Genome-wide association study of post COVID-19 syndrome in a population-based cohort in Germany, 2025, Russ+

Abstract:
If health impairments due to coronavirus disease 2019 (COVID-19) persist for 12 weeks or longer, patients are diagnosed with Post-COVID Syndrome (PCS), or Long-COVID. Although the COVID-19 pandemic has largely subsided in 2024, PCS is still a major health burden worldwide, and identifying potential genetic modifiers of PCS remains of great clinical and scientific interest.

We therefore performed a case-control type genome-wide association study (GWAS) of three recently developed PCS (severity) scores in 2,247 participants of COVIDOM, a prospective, multi-centre, population-based cohort study of SARS-CoV-2-infected individuals in Germany. Each PCS score originally represented the weighted sum of the binary indicators of all, or a subset, of 12 PCS symptom complexes, assessed six months or later after the PCR test-confirmed SARS-CoV-2 infection of a participant.

For various methodical reasons, however, the PCS scores were dichotomized along their respective median values in the present study, prior to the GWAS. Of the 6,383,167 single nucleotide polymorphisms included, various variants were found to be associated with at least one of the PCS scores, although not at the stringent genome-wide statistical significance level of 5 × 10− 8. With p = 6.6 × 10− 8, however, the genotype-phenotype association of SNP rs9792535 at position chr9:127,166,653 narrowly missed this threshold.

The SNP is located in a region including the NEK6, PSMB7 and ADGRD2 genes which, however, does not immediately suggest an etiological connection to PCS. As regards functional plausibility, variants of a possible effect mapped to the olfactory receptor gene region (lead SNP rs10893121 at position chr11:123,854,744; p = 2.5 × 10− 6). Impairment of smell and taste is a pathognomonic feature of both, acute COVID-19 and PCS, and our results suggest that this connection may have a genetic basis.

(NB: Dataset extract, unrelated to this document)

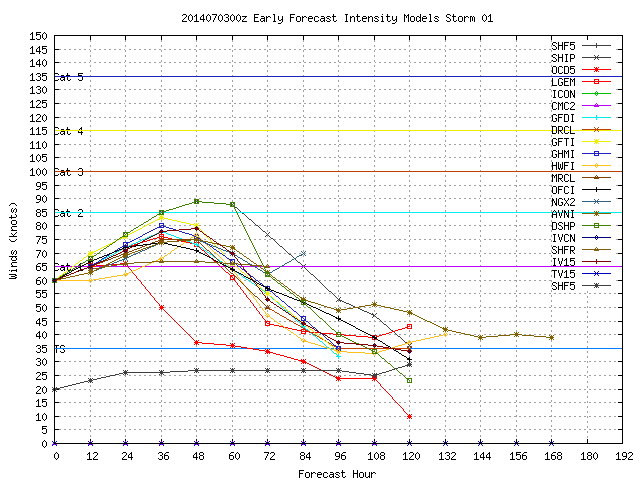 As we move forward to Friday afternoon, the GFS appears to show westerly winds beginning to make it through to the core of Arthur, which would likely begin a weakening and extra-tropical transition of the cyclone. This indicates that Arthur has between now and Friday morning to intensify before shear associated with the trough moving into the eastern US begins to become prohibitive. If Arthur moves over the Carolinas between now and Friday afternoon, that would obviously halt intensification sooner.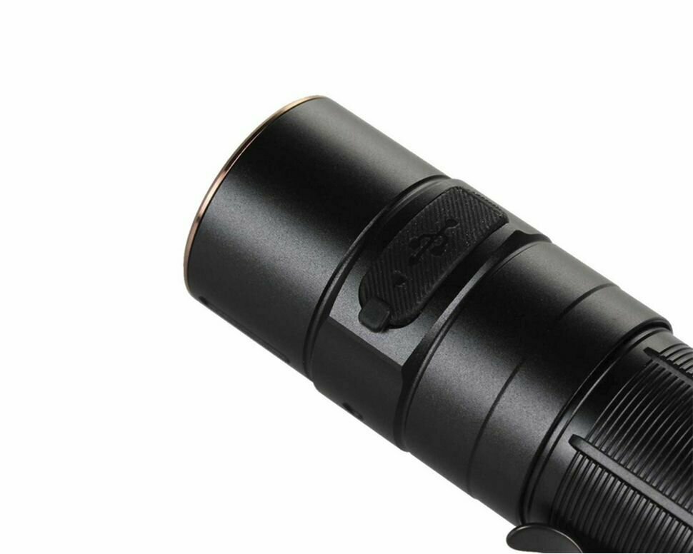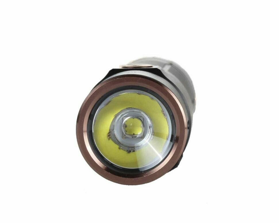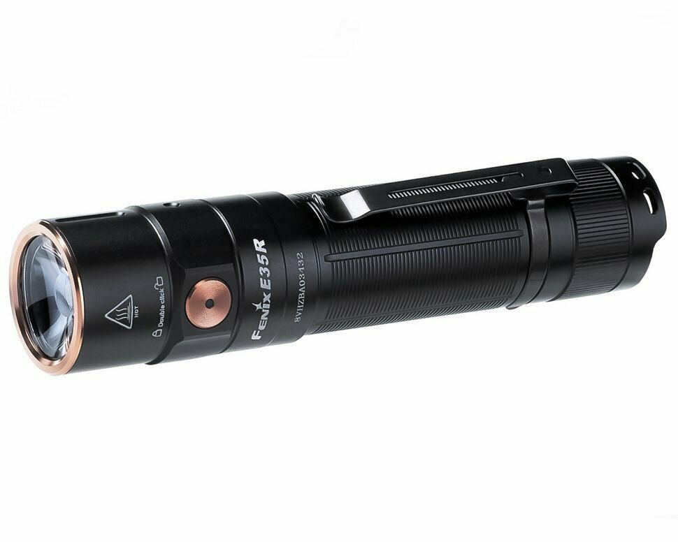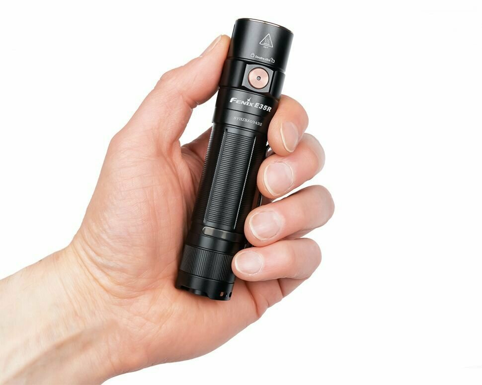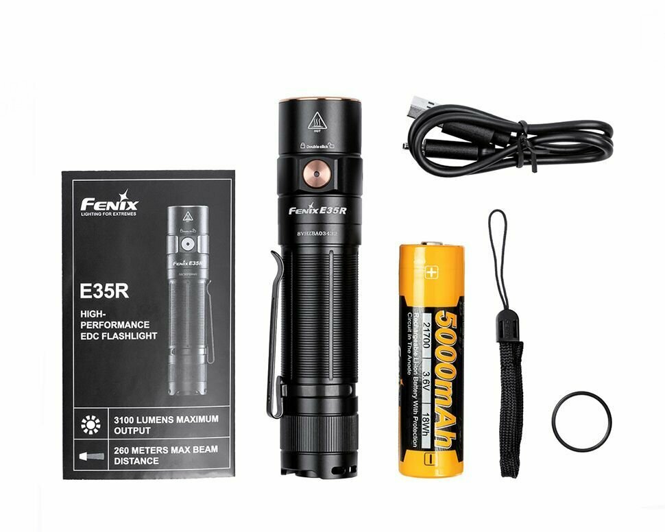 Усовершенствованная версия фонаря E35 V3.0, модель Fenix E35R, обладает впечатляющей яркостью, равной 3100 люменам. Данный наключный фонарь сохранил портативность конструкции, которая легко помещается в ладони и может использоваться как в быту, так и в полевых условиях. Диод Luminus SST70 в совокупности с оптической TIR линзой излучает приятный для человеческого зрения свет. Если использовать фонарь вместе с рассеивателем (приобретается отдельно), то владелец получит мягкую подсветку широкой области, а в обычном режиме дальность луча может достигать отметки в 260 метров. Режимы работы Доступные уровни света переключаются боковой кнопкой медного цвета, который выделяется на фоне черного корпуса. Среди трех пар режимов есть пять стандартных яркостей мощностью от 30 люменов и выше. Также присутствует тактический режим стробоскоп, который можно применять в качестве маячка или средства для отпугивания диких животных в туристическом лагере. Турбо: 3100 люмен – 260 метров – 2 часа 30 минут; Высокий: 1000 люмен – 138 метров – 3 часа 40 минут; Средний: 350 люмен – 80 метров – 9 часов 20 минут; Низкий: 150 люмен – 54 метра – 21 час 20 минут; Экономный: 30 люмен – 25 метров – 69 часов; Стробоскоп: 3100 люмен. При эксплуатации фонаря нужно учитывать наличие технологии IOP — современной защиты от перегрева. Она срабатывает каждый раз, когда температура оболочки достигает 60°C, и временно снижает яркость света. Характеристики: ручной фонарь для туризма и повседневного применения; светодиод – Luminus SST70; количество режимов – 6; предельная мощность света – 3100 люменов; дальность освещения составляет 260 метров; интенсивность освещения – 15 103 кандел; боковая кнопка управления с индикатором заряда элемента питания; источник питания – 1 х 21700; зарядка через порт Type-C в течение 3-х часов; материал корпуса – авиационный алюминиевый сплав с анодированием; магнитное основание и съемная клипса, расширяющие вариативность использования; класс герметичности – IP68; ударопрочность – 1.5 метра; размеры – 120 х 26.5 х 24.8 миллиметров; вес – 148 грамм (с учетом аккумулятора из набора).

Three other genotype-phenotype associations pointed towards a possible etiological role in PCS of cellular virus repression (CHD6 gene region), activation of macrophages (SLC7A2) and the release of virus particles from infected cells (ARHGAP44). All other gene regions highlighted by our GWAS did not relate to pathophysiological processes currently discussed for PCS. Therefore, and because the genotype-phenotype associations observed in our GWAS were generally not very strong, the complexity of the genetic background of PCS appears to be as high as that of most other multifactorial traits in humans.

Link | PDF (Nature Scientific Reports, May 2025, open access)

 

Has it? Maybe we’re switching from Pandemic to Endemic but the virus is still there and a major risk for many.

That’s more of a reason to look into it no? If we only accept evidence that bolsters our pet theories and ignore the ones that don’t, progress will be difficult.

 

So in this GWAS none of the things found to be significant in the other GWAS by Lammi et al are significant here (and obviously vice versa). It does seem that this study has some strengths that Lammi et al doesn't have (for instance 6 months vs 3 months are considered to be LC).

They use 3 different PCS scores here which are developed in:
-Subdomains of Post-COVID-Syndrome (PCS) -- A Population-Based Study, Bahmer, Scheibenbogen et al
-Severity, predictors and clinical correlates of Post-COVID syndrome (PCS) in Germany: A prospective, multi-centre..., 2022, Bahmer et al

Since they are getting different results per score they used also that seems to indicate that the choice of definition is influencial in driving their results to some extent, so what associations are they picking up on or are they all rather arbitrary?

One should expect that those that had a severe acute infection should have genes that have been found to be associated to more severe acute infections (and if not the results could be rather interesting)? Perhaps a nice sanity check to do and to see how those results would line up with the results of Lammi et al who found signals that were predominantly also related to a severe acute infection (the sample size however would be very small).

 

Probably insufficiently powered (not large enough) to provide accurate results.

 

A very low number of controls were used for GWAS. That seems to be a red flag for me.